Продвинемся далее. Действительно, последний вояж Джона Говарда в Херсон, где
на самом деле свирепствовал тиф, а кроме того, совсем неподалеку, в Измаиле и Кили, велись кровопролитные бои с турками, на первый взгляд, лишен внутренней логики, ибо
можно было найти немало других мест, где оказание помощи страждущим было не столь
рискованным и, скажем прямо, более продуктивным мероприятием. Не говоря уже о том, что Херсону тогда было чуть более 11 лет: совсем маленький городок, нет даже
приличной тюрьмы для пенитенциарных исследований, да и медицинских учреждений –
кот наплакал…
Но это – на первый взгляд. Другое дело, если принять во внимание, что в конце 18
века именно юг нынешней Украины, развивающийся наиболее динамично, стал
представлять угрозу для стратегических интересов Британии. Естественно, отсюда –
повышенное внимание к нашим местам. Судите сами: идет интенсивное строительство
крепостных сооружений Херсона, закладывается Николаев, и вот уже – как старая
350
фотография в проявителе – медленно выплывают знакомые очертания Одессы. И совсем
рядом – полуостров Крым, ключ-отмычка к южным пределам Российской империи, как
это принято сейчас говорить, «непотопляемый авианосец».
С учетом этого, экспедиции Джона Говарда в Астрахань (тоже имеющую выход к
морям) и Херсон вполне укладываются в концепцию вечных интересов «владычицы
морей», что бы мы по этому поводу ни думали и как бы это ни называли.
Или вы иного мнения? Такая прямота вас несколько коробит? Тогда чуть по-другому: было ли на юге России другое, кроме нашего Херсона, место, более удачное в
качестве базы пребывания представителя заинтересованного зарубежного государства, с
точки зрения выполнения им некоторых специфических функций в 1790 году? Назовите, пожалуйста, если вам такое известно!
Конечно, ответ на такой вопрос не сильно хотелось бы связывать с благородным
именем Говарда, но что тут поделаешь: на то она истина – чтобы быть всего дороже!
И лишь теперь можно озвучить то, что уже давно вертится на кончике языка: досточтимый сэр Джон Говард в своей всемирно известной гуманитарной деятельности
руководствовался не одними лишь интересами высокой благотворительности и
гуманизма. Скорее всего, его еще интересовали, если можно так выразиться, попутно, и
несколько иные задачи, прямо совпадающие со стратегическими устремленностями
родного британского отечества.
А если вам кажется такой вывод не очень корректным, то право, поверьте на слово: и в мыслях не имел я чем-то порочить этого благородного человека. Мы с вами взрослые
люди и благоразумно признаем: скромно совмещать столь разные, но по-своему
необходимые вещи – благотворительность и стратегическую разведку, вполне возможно.

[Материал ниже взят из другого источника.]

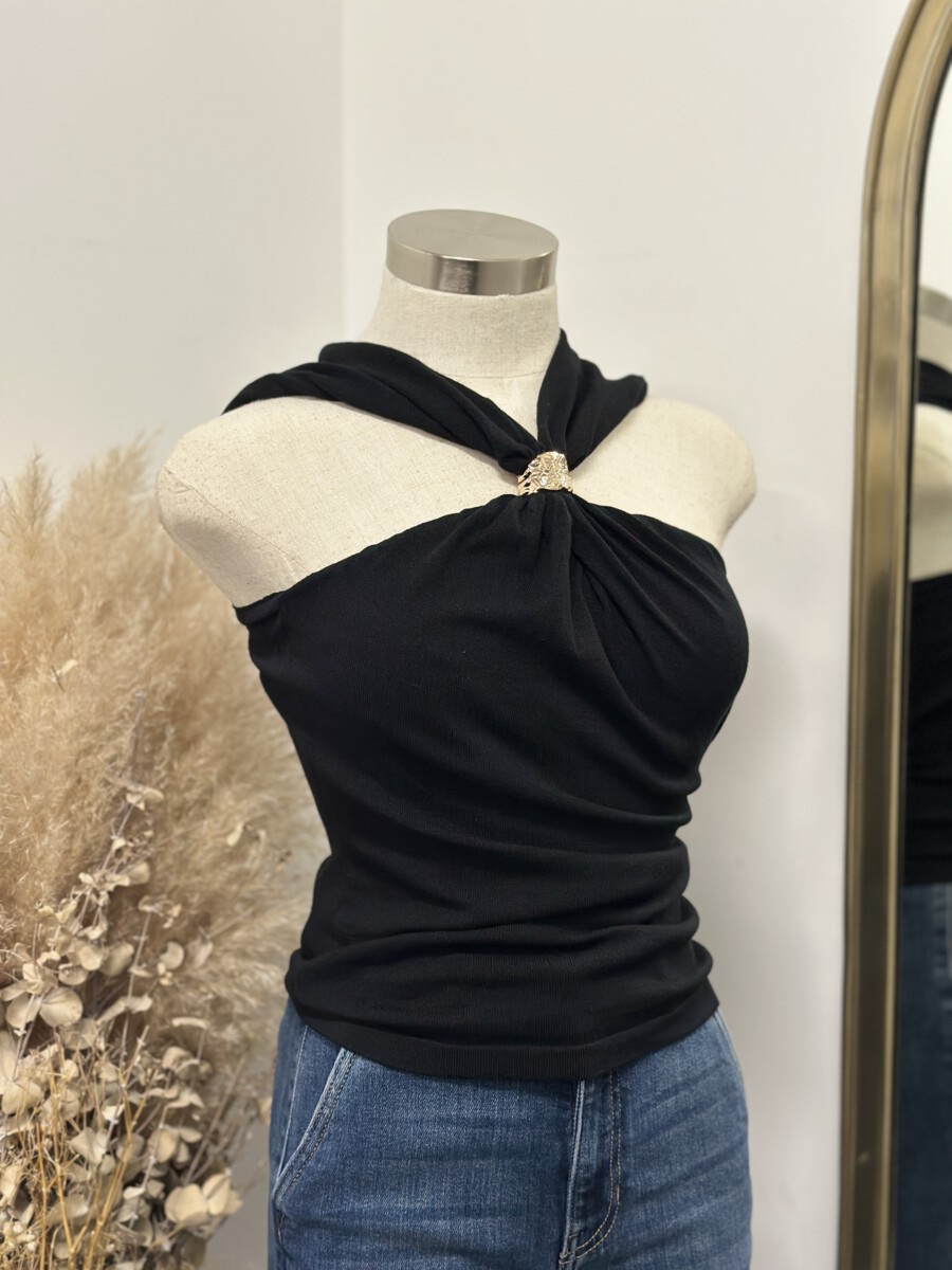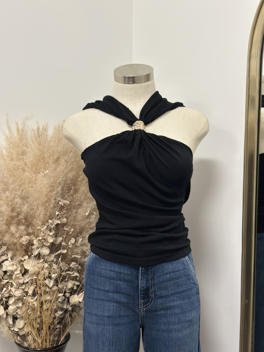 ” Nyra ” Trim Ruched Cf Slvless Knit Top ( Black )

Если делать то и другое в высшей степени достойно, приносить пользу разным людям в
разных странах – одновременно. Чем это плохо?
Кстати, взаимные интересы Англии и России в конце 18 века, как, впрочем, и ныне, общеизвестны. Другой вопрос, неплохо бы при этом разузнать имена российских коллег
шерифа-врачевателя, выполнявших в те далекие времена подобные поручения России в
Британии. Уточнить, сооружались ли им аналогичные памятники, или все-таки
деятельность этих особ проходила более безвестно?
Существуют, однако, и другие занятные вещи, связанные с нашим героем. В
Лондонском музее хранится одна необычная бумага. Подлинный диплом Екатерины
Великой, выданный Джону Говарду, с поручением местным российским властям
выполнять все его просьбы и указания, как прямые распоряжения императрицы. Честно
говоря, в истории России – это нечто новое… И сразу вопрос: неужели Екатерина так
возлюбила своих страждущих от тифа сограждан, что смело выдала такой необычный – ни
для того времени, ни для нашего – документ?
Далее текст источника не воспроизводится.